Try it. Up to and including the line that holds "当日,凤阳县一只警犬和省刑侦", print the data exactly from its first line; do not print the pictures.

Dataset excerpt.
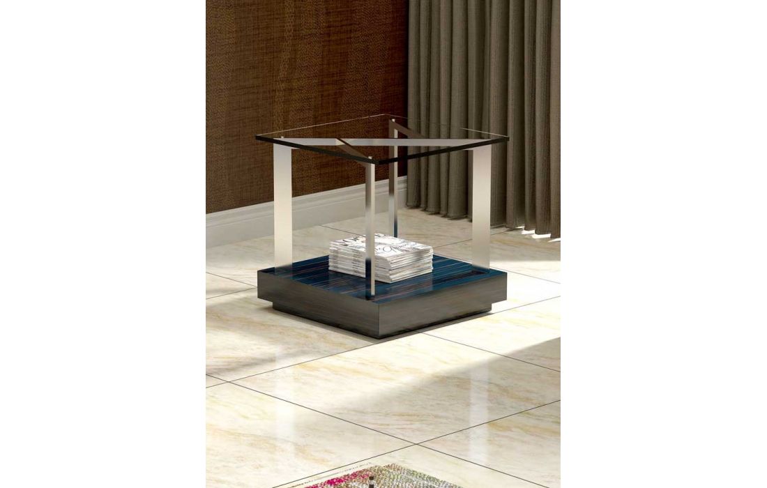 Side table with glass top and metallic detail
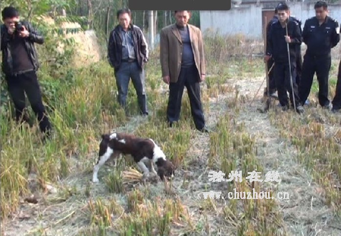 当日,凤阳县一只警犬和省刑侦总队4只搜索犬相继赶到。在它们的帮助下,警方很快在刘某某承包田里,发现一件血衣和鞋子,村民指认为刘某某所有;在刘某某门前水沟里,民警起获一把菜刀,疑为作案凶器。
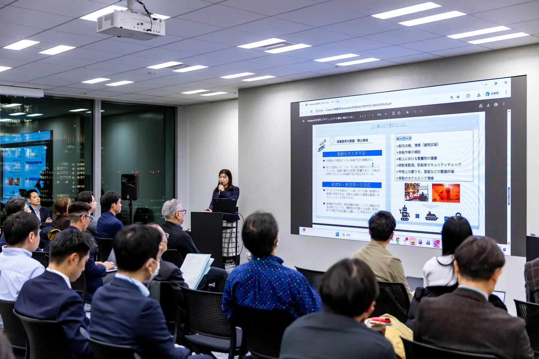 提示したのは海運業界が抱える2つの巨大な課題だ。1つ目は「高齢化と人手不足」。海運業界も船員不足に直面している。日本における新たな内航船需要も相まって、内航船では今後10年間で1万人以上が不足する予測もあるという。安定した物流が崩壊する可能性も示唆した。2つ目は「新燃料・新技術への対応」だ。アンモニアや水素などの新燃料は取り扱いが難しく、安全管理にテクノロジーの力が不可欠となっている。また、業界では自律航行技術の開発が進む一方で、入出港作業やエンジン管理など、完全に無人化できない細かな業務も多く残されている。

Task output.
 Side table with glass top and metallic detail
 当日,凤阳县一只警犬和省刑侦总队4只搜索犬相继赶到。在它们的帮助下,警方很快在刘某某承包田里,发现一件血衣和鞋子,村民指认为刘某某所有;在刘某某门前水沟里,民警起获一把菜刀,疑为作案凶器。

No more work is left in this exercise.